The relationship between the Avatar and Kaze is mentioned, but the importance just fizzles away. It became a forgotten footnote within the current conflicts until a later point in the game. Kaze was the Avatar’s original bodyguard and protector, but Kaze didn’t stand out in the story. The main character and siblings take most of the attention. So how was I to know I would need to get an A rank support with him to keep him alive?
I won’t say Awakening did not have some similar issues, but there were some clear bonds formed within the story, not just through the supports. Most clearly being Sumia and Chrom, who, unless their supports with others were higher, would marry in the story automatically. Or Cherche and Virion, even if players don’t choose to couple them they did have a history together that pre-dated the game’s events and were introduced as a pair. Fates does provide some improvement with ‘A+’ rankings, but this is still limited to characters with non-romantic options, meaning those of the same gender for the most part.

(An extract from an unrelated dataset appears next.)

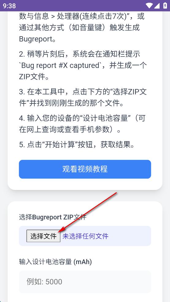 点击【选择Bugreport ZIP文件】,并在手机文件管理器中找到刚刚生成的那个ZIP压缩包。

As for the “Children” system, or what I refer to as the “Worst Parents Ever” system. After the ‘S’ support is reached, the resulting child will be sent into another dimension where time moves differently allowing them to grow fast enough to be recruited into their parents’ war. Now, it isn’t like they haven’t done the training for it; most of the ones I recruited took the place of their parents in my lineup. From a narrative perspective, however, how does that even make sense? Some of the children just seem to want to get to know their parents that they’ve only seen in moments. In Awakening, the first game to implement this, the reasoning felt sound even when it was dealing with time travel. The children would come from the future, already hardened for war as they have been fighting in the future the same beast they’re looking to stop in the present. The Children of Fates have been guarded and isolated in their dimensions and then brought into their parents’ war.
The Fire Emblem franchise has been a reliable source of entertainment, even through some mild rage in my efforts to keep all the characters in my roster alive until the very end. Fates potentially is the best series entry so far in terms of sheer gameplay; if I could get by with just that, then maybe I would have enjoyed Fates. In the end, Fire Emblem Fates lacked the depth of story and characters for me to care to finish it. Instead, I’ll watch it collect dust on my shelf as I debate buying the next game, wondering if it all should have died with Awakening.